Web Scraping with Java
In Java, there’s a library called Jsoup, which is one of the most popular Java library for web scraping. I am doing a maven version where I will be using JSP. If you want to do it as a Java application or a normal Web project, you can download the jar file from their website and include it in your project.
-
index.jsp
<form method="POST" action="scrape">
<input type="url" name="webURL" required/>
<input type="submit" value="Scrape" />
</form>
</section>
<% if (request.getSession().getAttribute("url") != null && request.getSession().getAttribute("validUrls") != null) { %>
<main>
<h1 class="section-title">RESULT</h1>
<div class="show-result">
<%@include file="results.jsp" %>
</div>
</main>
<% }
request.getSession().removeAttribute("url");
%>
This is from where a user submits the URL which is to be scraped to extract the images. The
<%@include file="results.jsp" %>
includes the content of result.jsp file inside the div with class show-result.
-
In servlet
@Override
protected void doPost(HttpServletRequest request, HttpServletResponse response)

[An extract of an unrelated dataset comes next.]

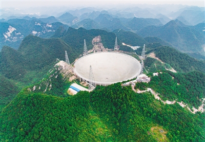 被譽(yù)為“天眼”的國家重大科技基礎(chǔ)設(shè)施500米口徑球面射電望遠(yuǎn)鏡(FAST)工程全景。
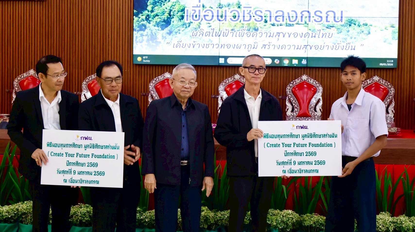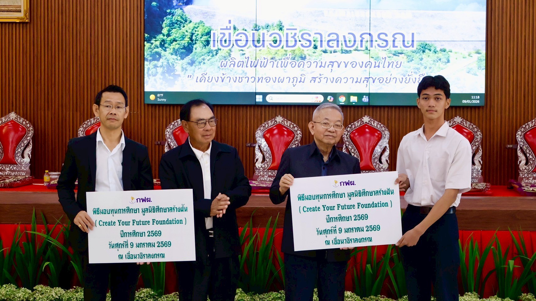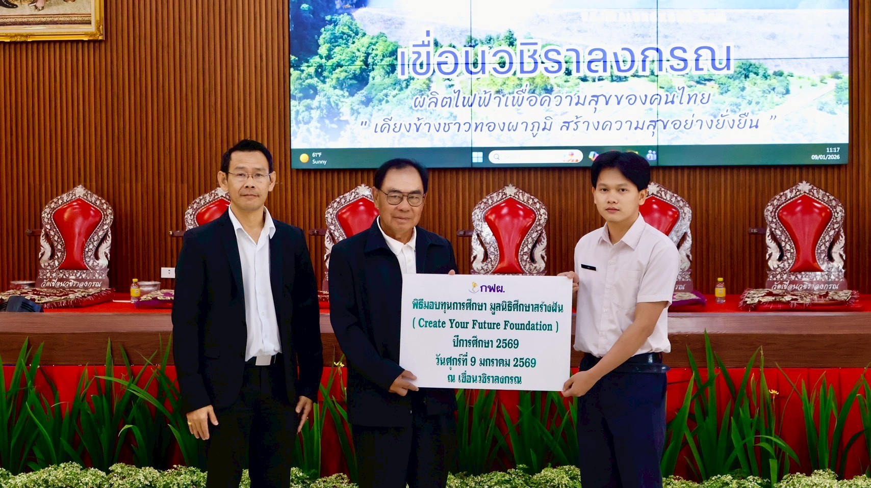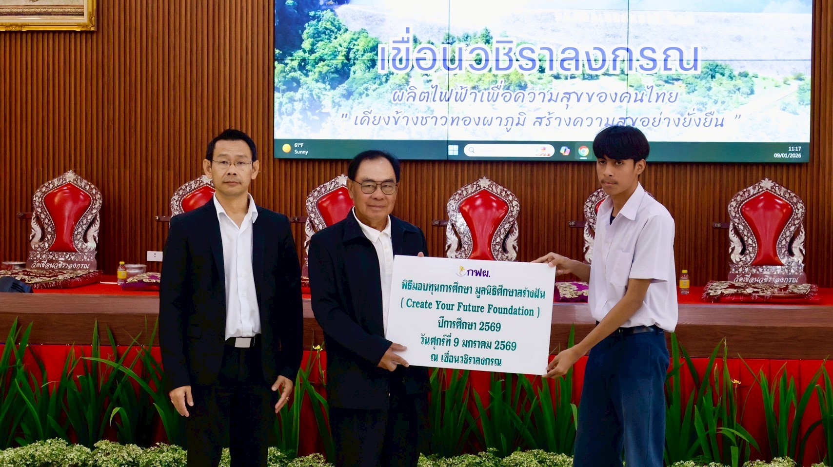 On January 9, 2026, the EGAT team at Vajiralongkorn Dam hosted a scholarship distribution ceremony for CYF scholarship recipients from Thong Pha Phum Industrial and Community Education College. As of the second semester of 2025, we are awarding 15 scholarships to this college through our partnership with EGAT.

throws ServletException, IOException {
String url = request.getParameter("webURL");
request.getSession().setAttribute("url", url);
request.getSession().setAttribute("validUrls", new WebScrapper().getAllImgs(url));
response.sendRedirect("/index.jsp");
}
This receives the URL entered by the user from the index.jsp page and sets that URL in the session attribute. Also, it calls the getAllImgs() function and sets that value to the session attribute.
-
In Java file(webScrapper.java)
Image Extraction method:
public List<String> getAllImgs(String sUrl) {
// keeps the valid image URLs.
List<String> validSourceUrls = new ArrayList<>();
try {
Document doc = Jsoup.connect(sUrl).get();
for (Element element : doc.select("img[src]")) {
String srcUrl = element.attr("src");
// if (srcUrl.isBlank()) {
// in JDK 11 or higher versions, we can use .isBlank() to check if the string is blank.

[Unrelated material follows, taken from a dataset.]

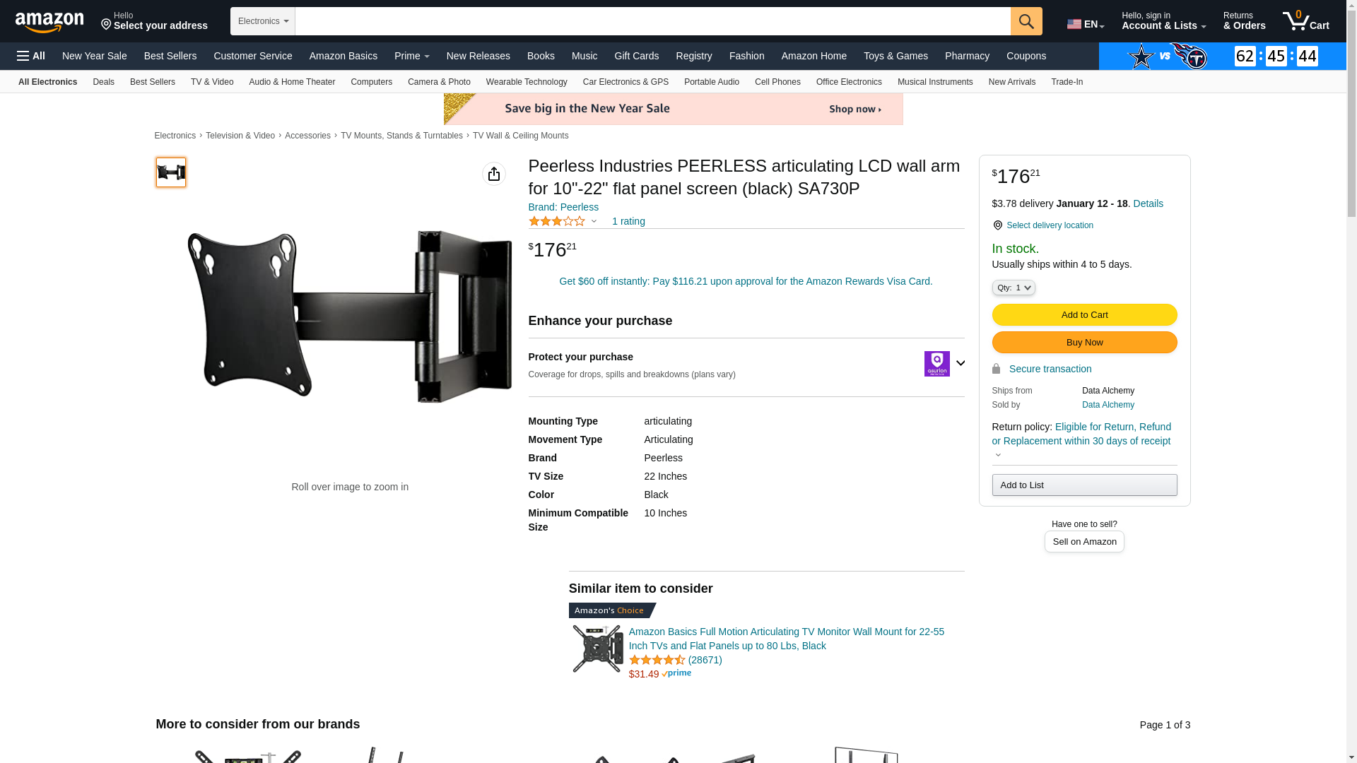 Peerless Smartmount Adjustable Wall Arm Makes It Easy To View The Display From Any Angle Two-Link Arm Extends Up To 16 From The Wall And Provides Easy One-Touch Tilt And 180 Degrees Of Swivel Fits 10 to 22 LCD screens Pre-assembled for fast and easy installation Comes with VESA 75 100 screen adapter plate Three tensionable pivot points for virtually limitless adjustments + or -35 degree of tilt and+ or - 7 degree of roll for flexible viewing positions Offers up to 180 degree of swivel Anodized aluminum finish in black or silver Built-in internal cord management channels keep wires out of the way Includes hardware for installation to a single wood stud or concrete Non-VESA adapter plates available sold separatelyPlease note: This supplier will be closed on 11/24, 12/26, 1/2 for the holidays. The shipping cut off is UPS's cut off of 12/15 to try and have the products delivered by Christmas.

if (srcUrl.length() > 0) {
if (validateSrcUrl(srcUrl)) {
if (srcUrl.contains("?")) {
// removes the queries from the url
validSourceUrls.add(srcUrl.substring(0, srcUrl.indexOf('?')));
} else {
validSourceUrls.add(srcUrl);
}
}
}
}
} catch (IOException ex) {
ex.printStackTrace();
}
return validSourceUrls;
}
In this method, tasks like connection establishment with the provided URL, adding valid image src URL to a list, and returning those URLs are performed. The Jsoup.connect(sUrl).get() statement establishes connection and .get() fetches and parses the HTML file. The doc.select() then select the elements to be scraped and stores them to element. Then the image source URL is checked for validation and adds the valid URLs to the list.
URL validation method:
public boolean validateSrcUrl(String url) {
boolean isValid = false;
List<String> validUrlItems = new ArrayList<>();
validUrlItems.add("jpg");
validUrlItems.add("png");
validUrlItems.add("jpeg");
validUrlItems.add("svg");
validUrlItems.add("gif");
// Splits the URL by .(dot) and checks if the last item of this array is one of the above extensions.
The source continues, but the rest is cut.